Staging using the production Let's Encrypt issuer
What it is. The Let's Encrypt production API has rate limits — 50 certificates per registered domain per week. The staging API has no meaningful limits but issues untrusted certificates (which is fine for testing). The staging Helm values were pointing at the production ClusterIssuer, meaning every failed staging cert attempt counted against the production quota.
The fix. One line change in values.staging.yaml:
certManager:
clusterIssuer: letsencrypt-staging # was: letsencrypt-prod
/healthz reachable from the internet
What it is. The nginx health check endpoint (/healthz) returns a plain 200 OK. From a K8s perspective, probes use the internal cluster IP so the external path is not needed. From the public internet, it is an endpoint that confirms the app is alive, reveals response headers, and is a minor reconnaissance aid.
The fix. We added an Exact-match route at the top of the Ingress rules pointing to a non-existent backend port. Requests to /healthz from the internet now receive a 503 instead of a 200.
The three headers everyone should add
Three HTTP security headers are simple, have no compatibility risk, and every production app should have them:
X-Frame-Options: SAMEORIGIN — Prevents your page from being embedded in an <iframe> on another domain. This stops clickjacking attacks where an attacker overlays your UI with a transparent iframe to steal clicks.
X-Content-Type-Options: nosniff — Prevents the browser from guessing the content type of a response. Without this, a browser might execute a JavaScript file served as text/plain. Simple and important.
Referrer-Policy: strict-origin-when-cross-origin — Controls how much of the current page URL is sent in the Referer header when navigating to other sites. This prevents leaking internal paths to third-party domains.

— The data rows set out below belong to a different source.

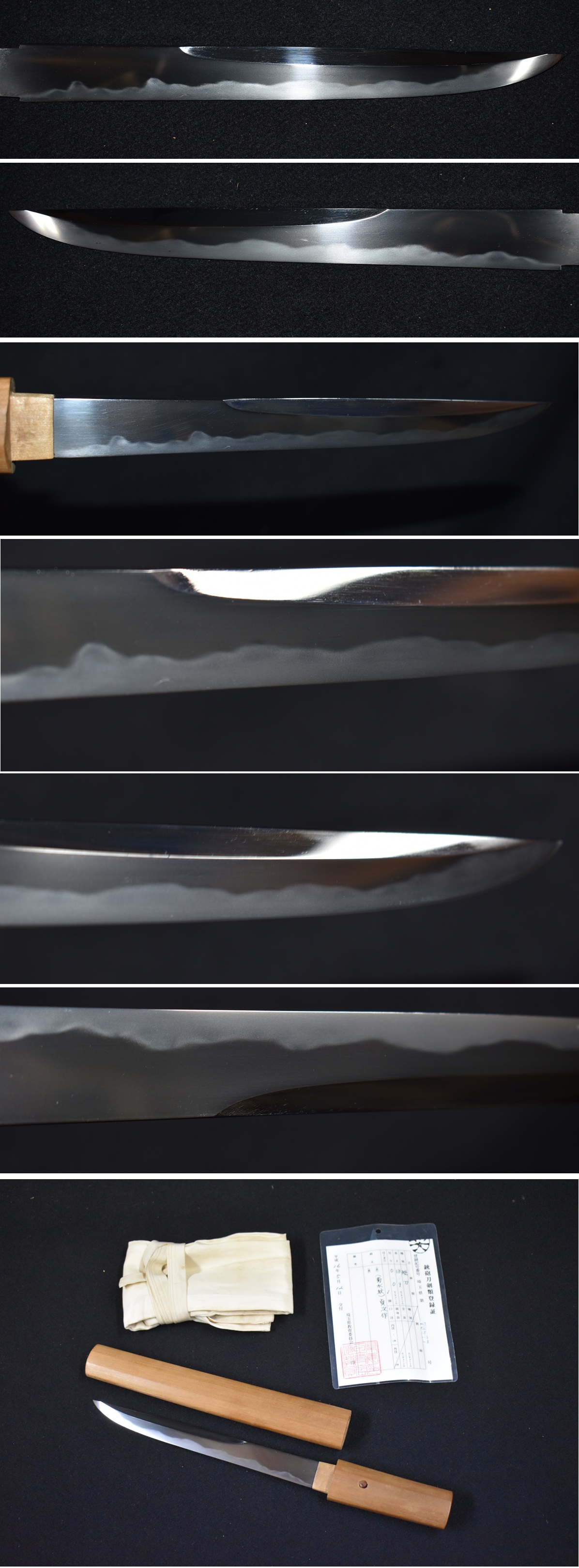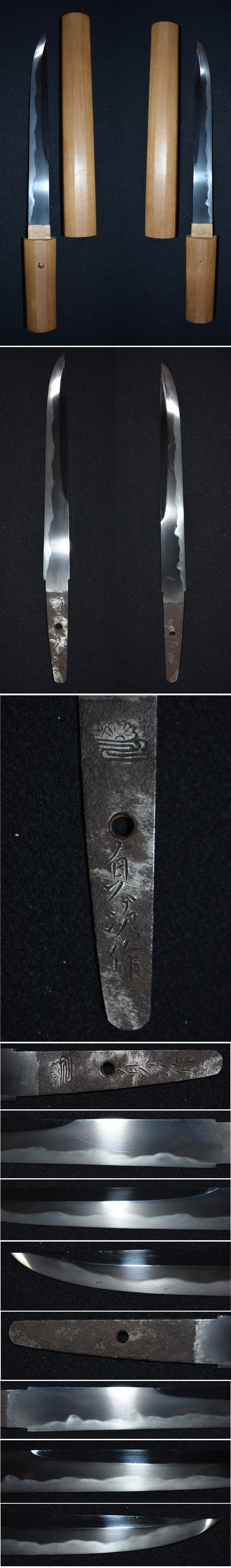 ご覧頂きありがとうございます。今回出品する品は写真の短刀です。 銃砲刀剣類登録証番号 埼玉県 第73877号 種別 短刀 長さ 18.9センチ 反り 0.0センチ 目くぎ穴 1個 元幅約2.2センチ 元重約0.7センチ 銘文 (菊水紋)貞次作 大変珍しい菊水刀の短刀です。人間国宝(重要無形文化財保持者)で有名な高橋貞次刀匠 の短刀になります。 元々は、海軍短剣の大型短剣拵えに入っていた刀身です。菊水刀は大日本帝国海軍の御刀で、 その中でも上官用に作られた御刀です。その刀には「菊水紋」を入れることが許され、刀身の 茎(なかご)の菊水紋が彫ってあります。 海軍短剣でも大型短剣は、大日本帝国海軍の将官が持っていた短剣で、数は少なく貴重な短刀 になります。 高橋貞次刀匠は、刀匠で初めて、人間国宝に指定された名工です。初期の作品は軍刀を作ってい いましたが、現存数は少なく、貴重な短刀になります。 状態は、初茎で鵜の首造りの乱れ刃紋で、茎には菊水紋と銘があります。 研ぎも綺麗で、錆や刃こぼれやハギレはありません。短剣拵えは付属しませんが、貴重な刀身 であります。是非、よろしくお願いいたします。 「菊水刀」(きくすいとう)とは、旧日本海軍の士官用軍刀として作刀された本鍛錬刀のこと。 鎌倉時代末期から室町時代にかけて活躍した武将「楠木正成」(くすのきまさしげ)の家紋「菊 水紋」が施されていることにちなみ、名付けられました。1940年(昭和15年)から制作された軍 刀です。 1933年(昭和8年)、刀剣の復活と将校用軍刀の需要に応えるために、靖国神社で「日本刀鍛錬会 」がつくられ、「日本刀鍛錬所」が設置されました。その流れを汲み、1940年(昭和15年)、兵 庫県神戸市の「湊川神社」(みなとがわじんじゃ)にも鍛刀場が設立。 靖国神社日本刀鍛錬会(1933~1945年)で修行を積んだ、「村上道政」刀工(銘:正忠)と「森 脇要」刀工(銘:正孝)が、湊川神社の御用刀工に抜擢されます。これにより、靖国神社では陸 軍用軍刀が、湊川神社では海軍用軍刀が制作されることになりました。 そんな海軍用軍刀の名前、菊水刀は、湊川神社の祭神「楠木正成」が、「後醍醐天皇」から下賜 されたとされる家紋「菊水紋」を、「茎」(なかご)と「」(はばき)に彫ったことにちなん で付けられています。 現存する物は非常に少なく、とても貴重です。その理由は、1939年(昭和14年)~1945年(昭和 20年)にかけて行なわれた「第2次世界大戦」において、旧日本海軍が、アメリカに大敗を喫し、 軍艦と共に多くの軍刀も海の藻屑と消えたためです。 高橋貞次 (本名:高橋金市)人間国宝(重要無形文化財保持者) 「高橋金市」(たかはしきんいち)は、1902年(明治35年)に伊予(現在の愛媛県)で誕生しま した。 兄の影響で刀匠の道を志した金市は、1917年(大正6年)15歳で初代「月山貞一」(がっさんさだ かず)、「月山貞勝」(がっさんさだかつ)親子に入門。作刀や刀身彫刻の技術を学びました。 金市は1936年(昭和11年)に鍛錬場を開設し「貞次」(さだつぐ)を名乗り始めます。 その後、第1回新刀展示会で総理大臣賞を受賞、1944年(昭和19年)熱田神宮大鍛刀場の主任刀匠 に任命されるなど、刀匠として全盛期を迎えます。 しかし、1945年(昭和20年)に第二次世界大戦が終わると、鍛刀禁止令が施行。多くの刀匠が包丁 鍛冶などに転向する中、貞次は戦火を免れた鍛冶場に住み、家財道具を売って生活難をしのぎました。 それでも生活が苦しかったため、心中も考えましたが、自分が死んでしまうと日本刀の伝統技術が 廃れてしまうと思いとどまり、一層日本刀の研究に邁進しました。やがて作刀が許可制になり、19 51年(昭和26年)の伊勢神宮ご遷宮の際には宝刀を鍛刀。1952年(昭和27年)に無形文化財となり 、貞次は再び刀匠界で注目されるようになります。 貞次の作風は、備前伝の「丁子刃文」(ちょうじはもん:日本刀[刀剣]の刃の部分の模様が丁子の 実を連ねた形に見える)を得意としていた作刀です。また、刀身彫刻においても非凡な才能を誇り、 これらを駆使して多くの名刀を残しました。そして1955年(昭和30年)、それまでの功績が認めら れ刀匠としては初の重要無形文化財(人間国宝)に認定されています。 質問は入札前にお願いいたします。わかる範囲でお答えいたします。 発送はゆうパックの着払いです。 ※注意事項※落札しましたら、登録のある教育委員会に所有者変更届(名義変更)を出してください。 よろしくお願いいたします。 |
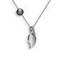 Pırlanta ve siyah inci 18 ayar beyaz altın kolye (0.077 karat, 40 cm gümüş rolo zincir)
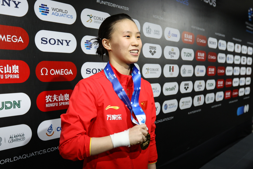 4月5日,中国选手全红婵在比赛后。新华社发(迪亚娜·马克斯摄)
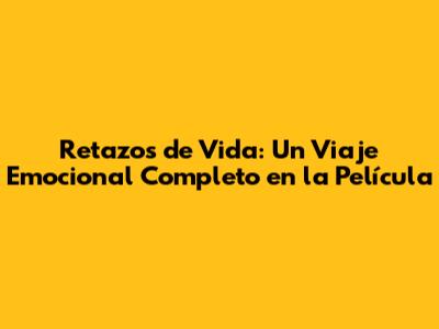 ¡Hola a todos, cinéfilos y amantes del buen cine! Hoy, nos sumergiremos en el fascinante mundo de "Retazos de Vida", explorando cada detalle para ofrecerles una experiencia completa. Prepárense para un análisis profundo, repleto de emociones y revelaciones sobre esta joya cinematográfica. Comenzaremos hablando de la sinopsis, elenco, donde verla y mucho más. Acompáñenme en este recorrido para descubrir por qué "Retazos de Vida" ha cautivado a audiencias de todo el mundo. ¡Empecemos!
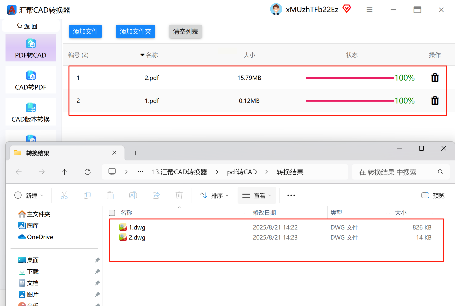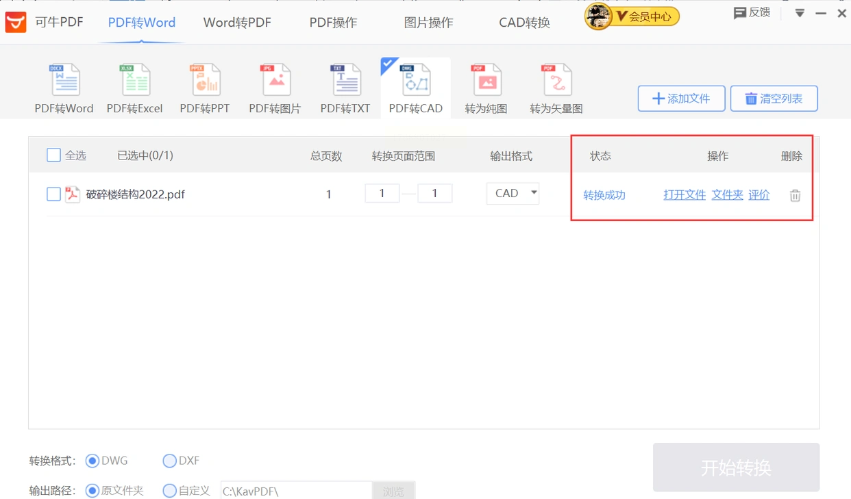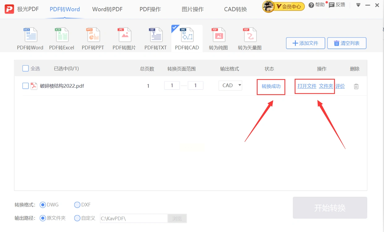 步骤三:转换状态会实时显示,成功后点击“打开文件”或“打开文件夹”,即可用你的CAD软件查看结果。
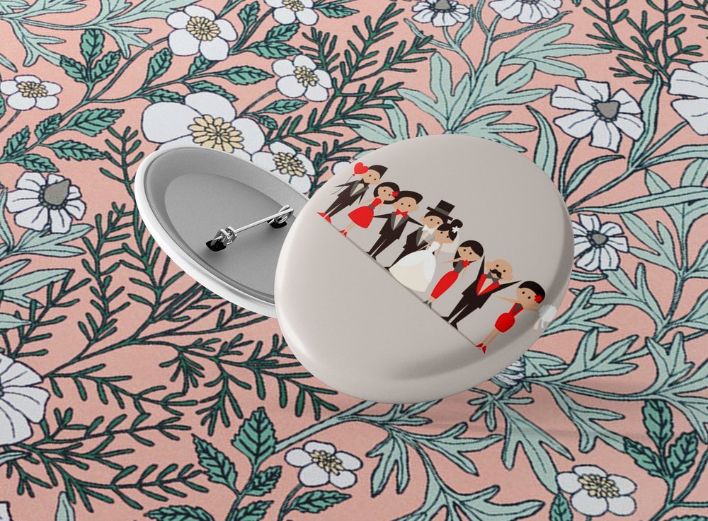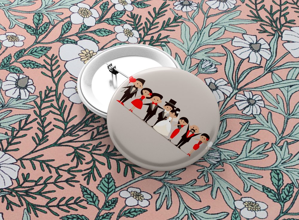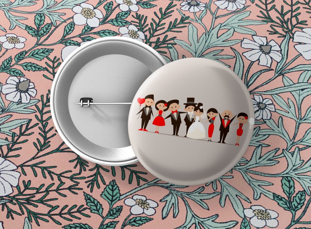 Okrúhle kovové odznaky so zatváracím špendlíkom sú vhodným suvenírom, ktorý môžete pripnúť na odev či batoh. Odznak je vypuklý a pôsobí 3D dojmom. Odznaky pre svadobčanov - milá alternatíva svadobných pierok. Odznak môžete pripnúť na akékoľvek miesto odevu, bez nejakého poškodenia textílie.

This app already had these three. The gaps were everything else.
What I actually learned
Going through this process taught me something I did not expect: most security issues are not clever or exotic. They are missing defaults. Nobody installed a CSP header because nobody asked "what happens if a script gets injected?" Nobody set runAsNonRoot because the container worked without it.
The pattern I keep seeing is: the secure option requires a deliberate extra step, and the insecure option works by default. Root is the default. No rate limiting is the default. No network policy is the default. No vulnerability scanning is the default. Security is the layer you add on top of the thing that just works.
I used AI to help me understand what each issue meant and how to fix it. But the understanding is mine now. I know what a seccomp profile does. I know why dropping Linux capabilities matters. I know the difference between the Let's Encrypt staging and production ACME servers. That knowledge came from engaging with the problem, not just running a tool.
If you are learning to build and deploy things, I would encourage you to do exactly this — pick an app you have deployed, open every config file, and ask "what happens if this is wrong?" You will find things. And fixing them will teach you more than any course.
All changes described in this post are in the public repository. The commit history is the source of truth.